I guess what caught me most off-guard about this chart is the summary text when you choose 2002-2008. All income growth went to the top 10%. I had no idea! A great chart can indeed tell a great story, or better yet, let the reader discover the story for themselves.
December 4, 2011
Choosing a good chart type – A Cheat Sheet
Charles Schaefer’s session at TCC11 “Understanding and Working with Chart Types” included this decent flow diagram for choosing a chart type. As the title says, it’s “A Thought-Starter”. In other words, use it as a way to get you going down the right path. This absolutely shouldn’t be taken as gospel; use your common sense. For example:
- Don’t ever create 3D area charts. In fact, don’t ever create a 3D chart of ANY kind.

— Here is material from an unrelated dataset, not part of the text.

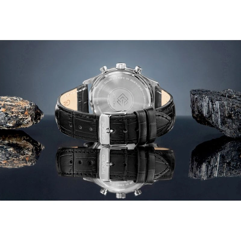 Pánské hodinkyGiewontGW6310-A3 jsoumodelem určeným pro muže, který očekává výrazný charakter, spolehlivou konstrukci a funkčnost připravenou zvládnout rytmus každodenních úkolů. Jejich ciferník s přesným rozložením dílčích ciferníků chronografu představuje dynamický, čitelný design, který zdůrazňuje moderní a lehce sportovní profil hodinek, přestože se jedná o klasiku. Každý prvek byl uspořádán s ohledem na intuitivní čtení a estetickou harmonii, takže celek působí dojmem dokonale navrženého nástroje času.

- Never create a circular area chart
- When created a stacked column chart don’t connecting the same colored bars with lines.
You can download the materials from Charles’ session here. Included are a JPG and PDF version of the flow chart.
The flowchart originates from a blog post back in 2006 on The Extreme Presentation Method blog. This blog, in turn, links to an interactive version of the chart chooser on Juice Analytics. Although Tableau does a lot of this thinking for you, definitely check out the interactive tool to get a feel for some best practices and download the sample excel workbooks to quickly recreate these charts yourself.